Created attachment 703841 [details] Output of my lshw(02-28-13)
Ryan, Sorry for not getting back to you earlier - have you been running successfully with the PCI card since February? Cheers, Jes
Not a problem on getting back. Yeah I've ran with no problems at long duration and heavy data transfers without issue since PCI controllers have been used for the 3TB drives. Ryan
I am glad to hear you are able to run the system reliably now and your data sounds to be safe. This does sound like what you were seeing was a hardware or possibly a driver problem - though if it was the driver I would expect to have seen more similar reports. If you're ok with it, I suggest we close this bug out since it doesn't seem to be a raid related issue. If you hit more problems with md raid, I do want to hear about it however. Cheers, Jes
I would like to confirm the actual cause of the problem, how could I go about testing the driver to confirm or deny this as the problem? If you know of any pointers to documentation that I could follow I would like to know exactly why this started happening. Thank, Ryan
One thing I just noticed from the lshw output is that you had a JMB micro SATA card in there and an onboard Intel controller which was running in ATA legacy mode. If the 3TB drives were on the onboard in ATA mode, it might be worth flipping it over to AHCI mode in the BIOS and see if this makes the problem go away. This would be an indication that the piix legacy driver is having problems.
This message is a reminder that Fedora 17 is nearing its end of life. Approximately 4 (four) weeks from now Fedora will stop maintaining and issuing updates for Fedora 17. It is Fedora's policy to close all bug reports from releases that are no longer maintained. At that time this bug will be closed as WONTFIX if it remains open with a Fedora 'version' of '17'. Package Maintainer: If you wish for this bug to remain open because you plan to fix it in a currently maintained version, simply change the 'version' to a later Fedora version prior to Fedora 17's end of life. Bug Reporter: Thank you for reporting this issue and we are sorry that we may not be able to fix it before Fedora 17 is end of life. If you would still like to see this bug fixed and are able to reproduce it against a later version of Fedora, you are encouraged change the 'version' to a later Fedora version prior to Fedora 17's end of life. Although we aim to fix as many bugs as possible during every release's lifetime, sometimes those efforts are overtaken by events. Often a more recent Fedora release includes newer upstream software that fixes bugs or makes them obsolete.

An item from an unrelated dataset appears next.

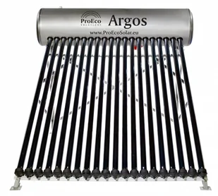 Kompaktowy, ciśnieniowy solarny ogrzewacz wody, jakim jest ARGOS P-200, to idealne rozwiązanie na tanie pozyskiwanie energii Słońca do ogrzewania wody. Ogrzewacz nadaje się do zamontowania bezpośrednio do domowej instalacji ciepłej wody użytkowej, lub pośrednio z wykorzystaniem już istniejących urządzeń, którymi ogrzewaliśmy wodę. Mam tutaj na myśli zarówno ogrzewacze przepływowe jak i zasobnikowe. Klienci posiadający zasobniki (bojlery) zyskują dodatkowo powiększenie pojemności magazynowania ciepłej wody użytkowej. W zestawie dołączony jest stojak ze stali nierdzewnej, który umożliwia nam zamontowanie systemu na gruncie, dachu płaskim, czy po pewnej modernizacji również na dachu skośnym. Zbiornik wykonany jest ze stali nierdzewnej, ocieplany twardą pianką poliuretanową i wykańczany blachą ze stali nierdzewnej.

Fedora 17 changed to end-of-life (EOL) status on 2013-07-30. Fedora 17 is no longer maintained, which means that it will not receive any further security or bug fix updates. As a result we are closing this bug. If you can reproduce this bug against a currently maintained version of Fedora please feel free to reopen this bug against that version. Thank you for reporting this bug and we are sorry it could not be fixed.